Given this data frame from some other question:
Constraint Name TotalSP Onpeak Offpeak
Constraint_ID
77127 aaaaaaaaaaaaaaaa
read_clipboard
by default uses whitespace to separate the columns. The problem you see is because of the whitespace in the first column.

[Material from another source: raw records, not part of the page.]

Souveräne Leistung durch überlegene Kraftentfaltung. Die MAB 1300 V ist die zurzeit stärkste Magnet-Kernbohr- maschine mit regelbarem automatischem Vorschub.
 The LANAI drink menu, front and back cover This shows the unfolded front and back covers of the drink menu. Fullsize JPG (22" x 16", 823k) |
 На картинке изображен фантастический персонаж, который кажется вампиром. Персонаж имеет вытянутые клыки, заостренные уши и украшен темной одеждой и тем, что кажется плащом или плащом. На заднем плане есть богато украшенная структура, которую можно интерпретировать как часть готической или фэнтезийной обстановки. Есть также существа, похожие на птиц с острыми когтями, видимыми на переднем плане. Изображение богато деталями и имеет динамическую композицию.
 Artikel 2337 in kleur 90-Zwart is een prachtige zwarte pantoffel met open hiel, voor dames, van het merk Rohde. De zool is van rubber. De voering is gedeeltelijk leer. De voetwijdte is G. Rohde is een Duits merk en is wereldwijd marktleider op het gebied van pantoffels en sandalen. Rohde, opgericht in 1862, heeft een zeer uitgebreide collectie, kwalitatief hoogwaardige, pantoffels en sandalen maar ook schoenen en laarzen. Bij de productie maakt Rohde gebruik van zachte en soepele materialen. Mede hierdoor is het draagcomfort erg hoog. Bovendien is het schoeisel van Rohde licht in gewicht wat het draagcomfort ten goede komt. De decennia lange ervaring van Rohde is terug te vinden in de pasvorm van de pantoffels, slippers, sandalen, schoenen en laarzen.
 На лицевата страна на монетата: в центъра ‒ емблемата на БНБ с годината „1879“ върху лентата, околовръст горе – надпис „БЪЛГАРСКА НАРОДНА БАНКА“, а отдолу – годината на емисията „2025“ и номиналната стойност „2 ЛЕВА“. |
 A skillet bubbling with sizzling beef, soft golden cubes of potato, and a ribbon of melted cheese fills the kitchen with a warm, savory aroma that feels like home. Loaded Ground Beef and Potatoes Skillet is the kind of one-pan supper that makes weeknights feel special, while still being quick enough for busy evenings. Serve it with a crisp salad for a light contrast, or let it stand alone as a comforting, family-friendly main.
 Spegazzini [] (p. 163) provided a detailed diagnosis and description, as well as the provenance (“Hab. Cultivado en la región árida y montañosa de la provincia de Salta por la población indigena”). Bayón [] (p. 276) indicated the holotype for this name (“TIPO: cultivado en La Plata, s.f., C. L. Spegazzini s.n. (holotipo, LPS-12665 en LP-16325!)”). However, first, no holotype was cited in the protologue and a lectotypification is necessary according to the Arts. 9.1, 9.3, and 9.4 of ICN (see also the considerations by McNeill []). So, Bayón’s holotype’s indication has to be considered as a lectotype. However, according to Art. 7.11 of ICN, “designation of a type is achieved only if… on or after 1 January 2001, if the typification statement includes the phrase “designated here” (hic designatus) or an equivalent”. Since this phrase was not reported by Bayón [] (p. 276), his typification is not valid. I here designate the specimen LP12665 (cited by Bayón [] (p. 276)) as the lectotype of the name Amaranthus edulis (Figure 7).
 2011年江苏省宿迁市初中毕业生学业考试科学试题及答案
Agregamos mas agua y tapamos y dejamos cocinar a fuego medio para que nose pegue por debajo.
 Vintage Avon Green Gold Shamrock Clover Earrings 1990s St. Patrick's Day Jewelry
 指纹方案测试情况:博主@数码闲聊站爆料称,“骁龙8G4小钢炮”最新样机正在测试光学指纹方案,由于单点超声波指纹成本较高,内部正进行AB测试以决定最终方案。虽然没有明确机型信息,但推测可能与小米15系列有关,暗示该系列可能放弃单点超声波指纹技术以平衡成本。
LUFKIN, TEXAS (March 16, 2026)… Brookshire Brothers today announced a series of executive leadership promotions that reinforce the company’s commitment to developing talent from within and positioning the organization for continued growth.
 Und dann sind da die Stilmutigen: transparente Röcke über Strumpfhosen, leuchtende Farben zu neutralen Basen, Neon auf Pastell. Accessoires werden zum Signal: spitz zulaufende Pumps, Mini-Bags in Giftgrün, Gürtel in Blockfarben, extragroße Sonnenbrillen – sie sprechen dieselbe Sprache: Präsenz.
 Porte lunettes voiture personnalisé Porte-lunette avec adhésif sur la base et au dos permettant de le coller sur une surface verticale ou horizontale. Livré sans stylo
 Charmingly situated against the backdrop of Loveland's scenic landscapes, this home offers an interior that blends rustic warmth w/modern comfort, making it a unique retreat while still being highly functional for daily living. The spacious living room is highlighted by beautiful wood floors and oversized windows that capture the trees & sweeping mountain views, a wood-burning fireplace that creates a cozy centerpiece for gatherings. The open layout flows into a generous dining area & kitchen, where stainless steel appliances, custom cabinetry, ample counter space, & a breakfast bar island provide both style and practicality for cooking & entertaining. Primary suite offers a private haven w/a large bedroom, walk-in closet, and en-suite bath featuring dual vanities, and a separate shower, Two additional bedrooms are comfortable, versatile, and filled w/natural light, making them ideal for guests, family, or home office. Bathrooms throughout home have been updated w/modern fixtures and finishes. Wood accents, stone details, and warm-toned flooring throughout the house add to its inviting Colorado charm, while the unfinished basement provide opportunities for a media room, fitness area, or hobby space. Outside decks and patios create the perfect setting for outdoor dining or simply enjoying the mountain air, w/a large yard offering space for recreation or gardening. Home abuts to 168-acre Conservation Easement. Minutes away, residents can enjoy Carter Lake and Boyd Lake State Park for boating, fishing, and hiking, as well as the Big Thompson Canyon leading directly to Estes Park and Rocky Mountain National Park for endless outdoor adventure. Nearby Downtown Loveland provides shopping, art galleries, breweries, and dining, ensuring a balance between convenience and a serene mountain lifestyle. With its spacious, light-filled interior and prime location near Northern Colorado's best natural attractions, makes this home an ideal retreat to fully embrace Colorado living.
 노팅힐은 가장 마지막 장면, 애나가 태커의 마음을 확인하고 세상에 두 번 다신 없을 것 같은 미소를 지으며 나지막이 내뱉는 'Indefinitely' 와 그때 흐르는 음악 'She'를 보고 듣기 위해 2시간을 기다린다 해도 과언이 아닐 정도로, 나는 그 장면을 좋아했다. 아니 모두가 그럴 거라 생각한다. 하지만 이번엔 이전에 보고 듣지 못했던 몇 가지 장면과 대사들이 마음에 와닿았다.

If you specify two or more spaces as the separator, based on the table format it will figure out the index column itself:
df = pd.read_clipboard(sep='\s{2,}')
df
Out:
Constraint Name TotalSP Onpeak Offpeak
Constraint_ID
77127 aaaaaaaaaaaaaaaaaa -2174.50 -2027.21 -147.29
98333 bbbbbbbbbbbbbbbbbb -1180.62 -1180.62 0.00
1049 cccccccccccccccccc -1036.53 -886.77 -149.76
index_col
argument can also be used to tell pandas the first column is the index, in case the structure cannot be inferred from the separator alone:
df = pd.read_clipboard(index_col=0, sep='\s{2,}')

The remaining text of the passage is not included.